In the last two weeks, we have optimized our continuous deployment program and achieved remarkable results. Please record and share with us
background
In that year, the company grew rapidly and launched new projects frequently. Every time a project was launched, it was necessary to apply for a new batch of machines, initialize and deploy the dependent service environment
In that year, the project was in full swing. The flow of project A increased rapidly, and the machine was immediately expanded to A. The new functions of project B were added to B
Working overtime day and night, I was on the run
That year, I learned that Docker could save me, so I decided to fight for glory (hairline).
In order to quickly land and minimize the impact of the introduction of Docker on the whole CICD process, Docker was added into our online process with minimal changes. Please refer to the following figure for process changes
In that year, container arrangement was in chaos, K8S was not yet popular, and due to the limited time and energy and technical strength, the production environment did not dare to hastily launch the arrangement. Docker was simply used on the previous host, mainly to solve the problems of environment deployment, expansion and reduction. Docker did solve these two problems after it was launched. There are additional perks such as ensuring consistency in the development line environment
But the use of the Docker not’s interest, and packaged synchronization code way into a mirror, update the container also brought the growth of the online time, at the same time because of the difference of various environment configuration file failed to fully accomplish a packaging environment more sharing, this paper mainly introduces how we optimize the these two problems
Python multithreading
After analyzing the deployment logs, it is found that it takes a long time to download images and restart containers during the whole deployment process
The whole deployer is developed by Python, and the core idea is to use the Paramiko module to remotely execute SSH commands. Before the introduction of Docker, the release is rsyslog synchronization code, single thread rolling restart service, and the whole deployer logic has not changed much after the launch of Docker. Instead of synchronizing the code restart service to download the image restart container, the code looks like this:
import os
import paramiko
# paramiko.util.log_to_file("/tmp/paramiko.log")
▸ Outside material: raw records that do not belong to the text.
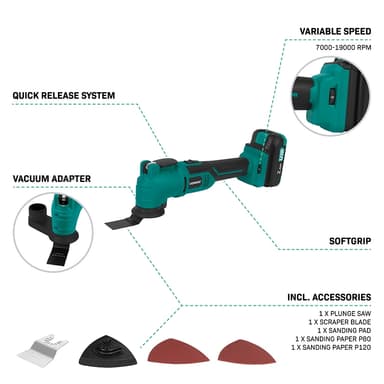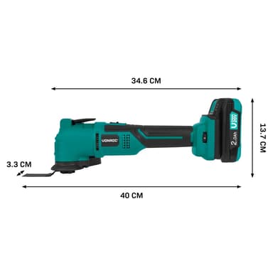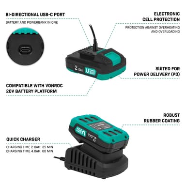Multiverktyget levereras som ett komplett set, inklusive ett 2,0Ah-batteri och en snabbladdare. Dessa tillhör VONROC VPower 20V-plattformen och kan kombineras med alla andra maskiner i samma serie. Ett batteri – oändliga möjligheter!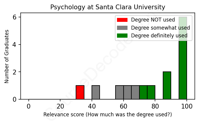 The verdict? Significantly above average. Overall, with an average relevance score of 78%, Psychology graduates from Santa Clara University have a much higher likelihood (+11%) of finding work in this field compared to the average graduate across all fields: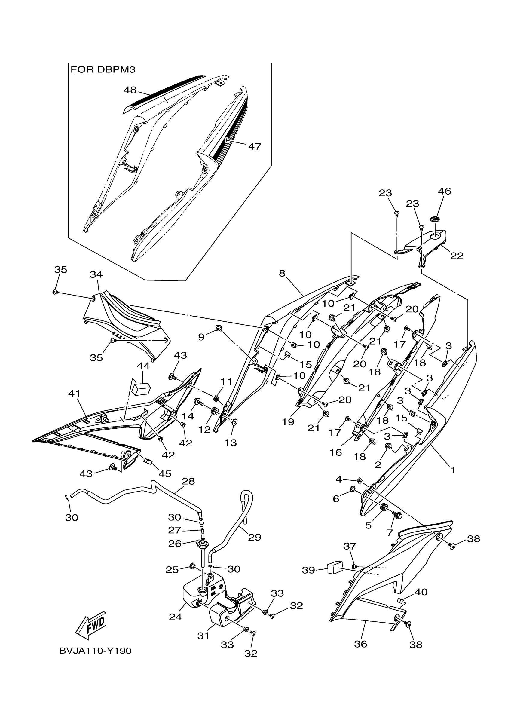 Yamaha YZFR3APP (YZFR3 ABS) BVJA 2023 SIDE COVER Diagram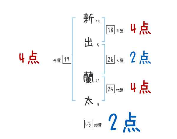 新出蘭太さんの画数の鑑定結果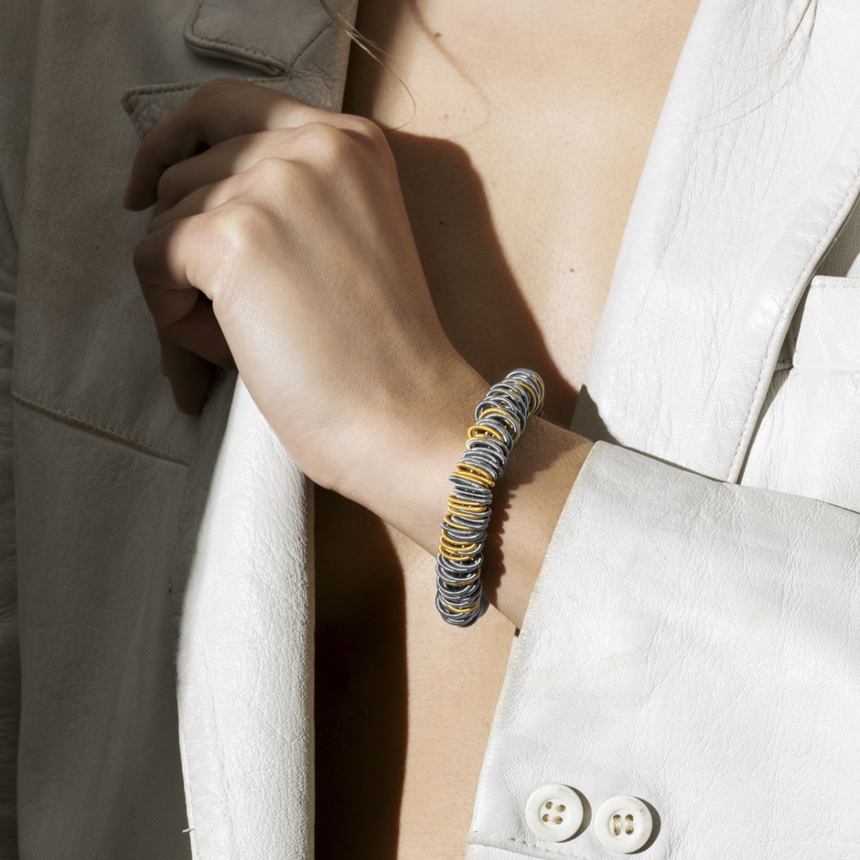Идеална гривна за тези, които искат да блестят с изтънчена елегантност по всяко време на деня.Закопчалката от неръждаема стомана има магнитен елемент и името на марката.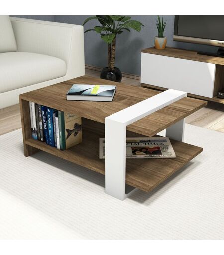 Table Basse Design Scandinave Gaye - L. 80 X H. 35 Cm - Marron Noix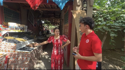 浸潤民俗文化:感受傳承力量與青春擔當除產(chǎn)業(yè)調(diào)研外,學(xué)習(xí)維吾爾族傳統(tǒng)葡萄文化民俗知識是實踐團的另一重要任務(wù)。在景區(qū)民俗區(qū)域,成員們通過走進王洛賓音樂藝術(shù)館,聆聽《在那遙遠的地方》等經(jīng)典民歌,感受音樂與葡萄文化的交融;走訪達瓦孜民俗風(fēng)情園,體驗高空走繩等傳統(tǒng)技藝表演;探訪青蛙巷特色街區(qū),深入了解維吾爾族與葡萄相關(guān)的節(jié)慶、手工藝及飲食文化。“從葡萄架下的民俗故事,到代代相傳的種植技藝,再到今日鮮活的民俗體驗,文化的生命力就藏在這些細節(jié)里。”實踐團成員烏力凡感慨道。此次實踐讓團隊深刻認識到,文化傳承不僅是技藝的延續(xù),更是民族精神的紐帶。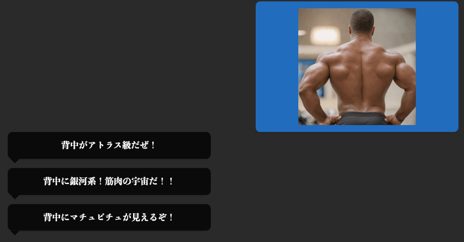 また、テキストと画像の組み合わせも非常に重要です。例えば、背中の画像をアップロードしたのに「その腹筋、まるで手榴弾!」「腹直筋、爆発!!」と言ってはいけません。背中の場合には、「海より広い広背筋!」「魔の三角海域!」と褒め称えるのが筋肉に仕える者としての模範的な対応です。つまり、先ほど挙げたポーズそれぞれに紐づいた魅せたい部位に対応したテキストを組み合わせてあげる必要があります。

filepath = os.path.split(os.path.realpath(__file__))[0]
class Conn:
def __init__(self, ip, port=22, username='ops') : self.ip = ip self.port = int(port) self.username = username self.pkey = paramiko.RSAKey.from_private_key_file( filepath +'/ssh_private.key'
)
def cmd(self, cmd):
ssh = paramiko.SSHClient()
try:
ssh.set_missing_host_key_policy(paramiko.AutoAddPolicy())
ssh.connect(self.ip, self.port, self.username, pkey=self.pkey, timeout=5)
except Exception as err:
data = {"state": 0."message": str(err)}
else:
try:
stdin, stdout, stderr = ssh.exec_command(cmd, timeout=180)
_err_list = stderr.readlines()
if len(_err_list) > 0:
data = {"state": 0."message": _err_list}
else:
data = {"state": 1, "message": stdout.readlines()}
except Exception as err:
data = {"state": 0."message": '%s: %s' % (self.ip, str(err))}
finally:
ssh.close()
return data
if __name__ == '__main__':
# Demo code is much simplified, the overall logic remains the same
hostlist = ['10.82.9.47'.'10.82.9.48']
image_url = 'ops-coffee:latest'
for i in hostlist:
print(Conn(i).cmd('docker pull %s' % image_url))
Update the container after the image has been downloaded
Copy the code
All are single thread operation, but think efficiency will not be very high, why not multi-thread? Mainly considering the availability of services, the completion of a server update to update a server until all server update is complete, single thread rolling updates ensure that services are available to the greatest extent, if all servers are updated at the same time, the service cannot provide service to restart process, system will have the risk of downtime, and projects are small scale at the time, Ignoring this increase in time, as projects grew larger and larger, this optimization had to be rethought
The introduction of multithreading is imperative, so how to use multithreading? In view of the overall availability of the service, the two operations of downloading the image and restarting the container are split. Downloading the image does not affect the normal provision of the service, but can use multi-threading completely, so the time of downloading the image will be greatly shortened. The optimized code is as follows:
import threading
Import the Conn class from the previous example
class DownloadThread(threading.Thread):
def __init__(self, host, image_url):
threading.Thread.__init__(self)
self.host = host
self.image_url = image_url
def run(self):
Conn(self.host).cmd('docker login -u ops -p coffee hub.ops-coffee.cn')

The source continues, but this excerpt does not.